2007-06-07 Thread kenneth marken

mathew davis wrote:

Dear community,
 
I am not sure if this is a widely known thing or not, but I just found 
out about it and had some questions about this working on the neo.  
T-mobile has hotspots all around my area, but have been experimenting 
with a new service called T-mobile HotSpot @Home.  It uses a UMA 
(unlicensed mobile access) technology to allow phones to switch from 
cellular connection to Wi-Fi connection.  And also makes it possible for 
VoIP calls.  So this is something that is very interesting to me only I 
would like it to be a little different, I don't want to use T-Mobile's 
service I would like to use my Wi-Fi connection to my VoIP of choice.  I 
know this has been talked about before with some options including an 
Astrex box forwarding the call to your cellphone until your in range 
then switching to Wi-Fi but that was not a very seamless transistion 
from my understanding.  So I guess my question is could we impliment a 
UMA type of technology for the neo that is customizable to use our VoIP 
provider?  Or since that particular part is locked we wouldn't have 
access to that part?  Just curious. When I get the phone I will be 
playing with trying to find a solution to this problem.  I have very 
limited knowlege about this kind of thing.  I am not an experianced 
programmer yet.  I only have about 3 yers of indestry experiance, but 
none of that is mobile development and almost none of it is linux 
related, so I have a bit of a learnign curve so that is why I am asking 
the question here. 
 


while not fully up to speed on how it all works, here is my quick take 
on it:


as long as its a voip connection, and said voip service allows two ip's 
to share a account and call, there should be little to no problem having 
both a wifi and gprs connection open at the same time as one moves about 
(in my experience a gprs connection can be held open but not used). 
hell, one may even use bluetooth if it can handle the data transfer.

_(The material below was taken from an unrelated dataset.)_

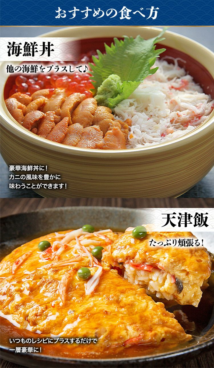 他の画像を見る ズワイガニ カニ丼 5食 水ポチャ解凍 すぐ美味しい フレーク 蟹丼 5人前 かに 蟹 カニ お取り寄せグルメ 食品 ギフト 海鮮 SALE 定価 ¥ 2,980 のところ 当店特別価格 ¥ 1,990 税込 カートに入れる お気に入りに登録する

the problem here is that ip thing. UMA has a normal mobile phone 
connections as one option so therefor dont have to think about multiple 
ip's. it just need to have a internet connected cell so to speak, and 
only hand the call over when the ip based connection is fully in place.


however im guessing there are some issues with going between two wifi 
zones/networks or something similar...



so mostly you need a voip service that allows you to log in from another 
ip without booting the old connection off or hanging up any calls. after 
that its mostly a case of the client software figuring out what of the 
two connections to send on. or maybe just send on both, expecting the 
service to throw away the data thats a duplicate. something that i think 
is a basic feature in mobile phone systems.


one funny thing is that if your using voip, and have a flat rate data 
plan for your mobile phone, there is no need to go wifi anyways as the 
mobile data connection will probably be more reliable given that its 
already built to do what one is trying to make the wifi system do 
(handover, multiple connections and overlapping zones).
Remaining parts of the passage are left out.